Czasami w niektorych instytucjach jak wlasnie bank, operator sieci kablowej, czy komorkowej, beda wymagac okazania rachunkow
wystawianych na wasze nazwisko (np. za gaz, wode itp) jako potwierdzenie miejsca zamieszkania. Wiec moja sugestia: wprowadzajac
sie na nowe mieszkanie, najszybciej skontaktowac sie z dostawcami energii, wody itd. i przepisac rachunki na wlasne nazwisko.
Zalatwia sie to przez telefon bez wiekszych problemow.
- Prace juz mam. Co dalej...
- Dostep do internetu.
Kafejek inernetowych jest niewiele. Trzeba sobie sprawic lacze w domu albo... udac sie do okolicznej biblioteki. Do zarejestrowania
sie zazwyczaj wysterczy: dowod tozszamosci (jakikolwiek), dokument powierdzajacy zamieszkanie: rachunek za gaz czy wode na
wasze nazwisko, albo list od pracodawcy, jesli zgodzi sie wystawic takowy. W bibliotece sa komputery do wynajecia na np. godzine
z dostepem do netu. Wiekszoc ma poblokowane pory komunikatorow, jak np. GG ale to nie regula.
- Kupujemy samochod.
Bez auta jak bez reki. Czasem i roboty dostac nie mozna bo nie ma jak dojezdzac. Wiekszosc agencji zapewnia dojazdy firmowym
busem, ale kasuja za to sporo kasy i czasami sie nie oplaca. Wiec kupujemy woz.
-Najtaniej:
Najtansze marki ktore jeszcze nadaja sie do uzytku to Vauxhall (czyli Opel), Ford, Peugot, Renault, Rover, Fiat, Citroen.
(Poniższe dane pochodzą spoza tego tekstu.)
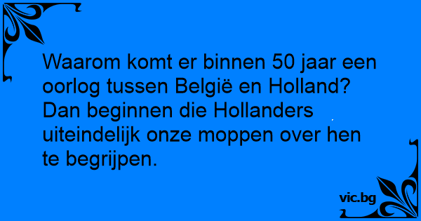 Waarom zullen we over 30 jaar oorlog krijgen met België? Omdat ze dan pas onze grappen snappen.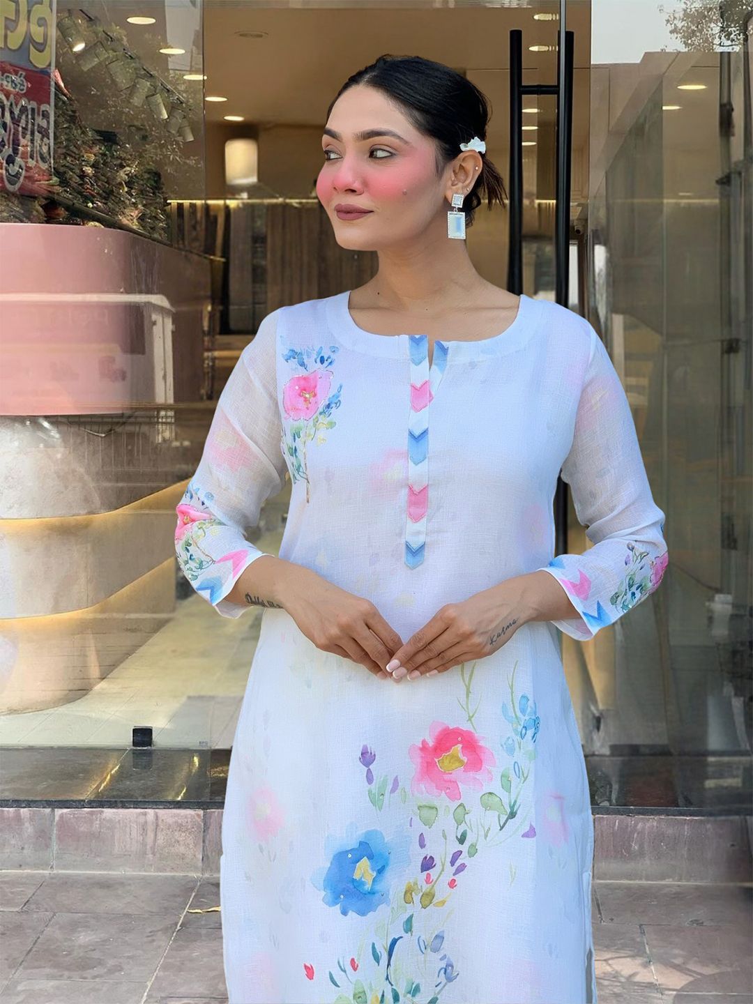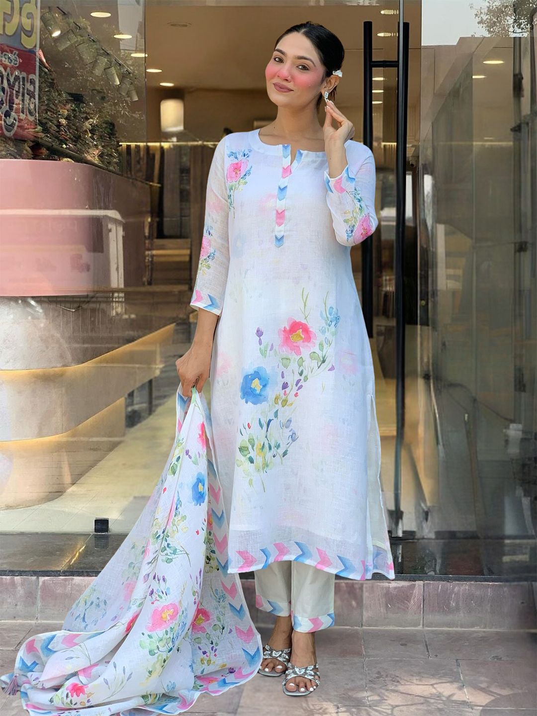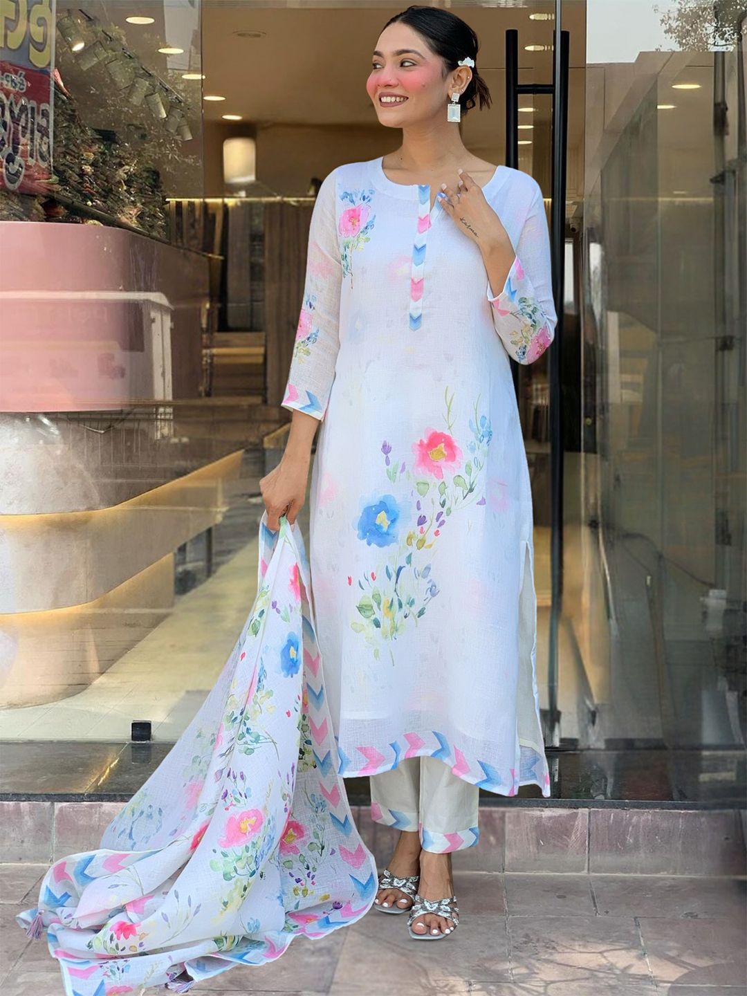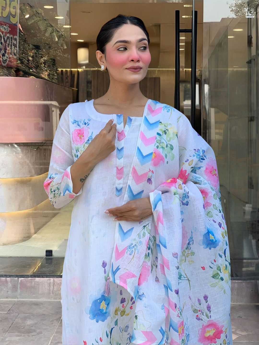 KALINI Women Floral Printed Regular Linen Kurta with Trousers & Dupatta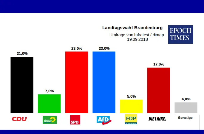 Die letzte Wahlumfrage von Infratest/dimap zur Landtagswahl Brandenburg am 1.9.2019. Grafik: Epoch Times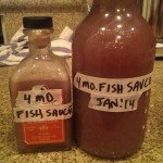 So I decided to begin with a simple fermented fish sauce. I certainly use fish sauce quite often in cooking and when making dishes like kimchi, so I thought, “what kind of Fermenter would I be if I used store-bought fermented sauce?!” I based my first attempt on the simple and short-time recipe in Sally Fallon’s Nourishing Traditions cookbook (yes, I am one of those kooky WAPF‘ers). Then upon further experimentation, I gradually began making a more traditional Thai or Vietnamese style sauce (fermenting up to a year).

Roczniki 94-96 (przebiegi 120-180tys mil) tych marek mozna nabyc za 200-300f. Pakiet startowy 50f i jedziemy. Powinno wystarczyc
na rok, a wydana suma niewielka. Jak sie rozsypie to nie bedzie zal.
-Sensownie:
To juz wedle uznania kazdy sobie. roczniki 99' 00' 1500-3000f zalezy od marki i stanu. Cena wozu gwaltownie maleje gdy
na liczniku mil pojawia sie pierwsze 100tys. Mozna to wykorzystac.
-Jak kupic:
Gazety: AutoTrader, ADTrader przedewszystkim. Lokalne pisemka oczywiscie, poza tym jak u nas. Nie ma ogloszen na slupach.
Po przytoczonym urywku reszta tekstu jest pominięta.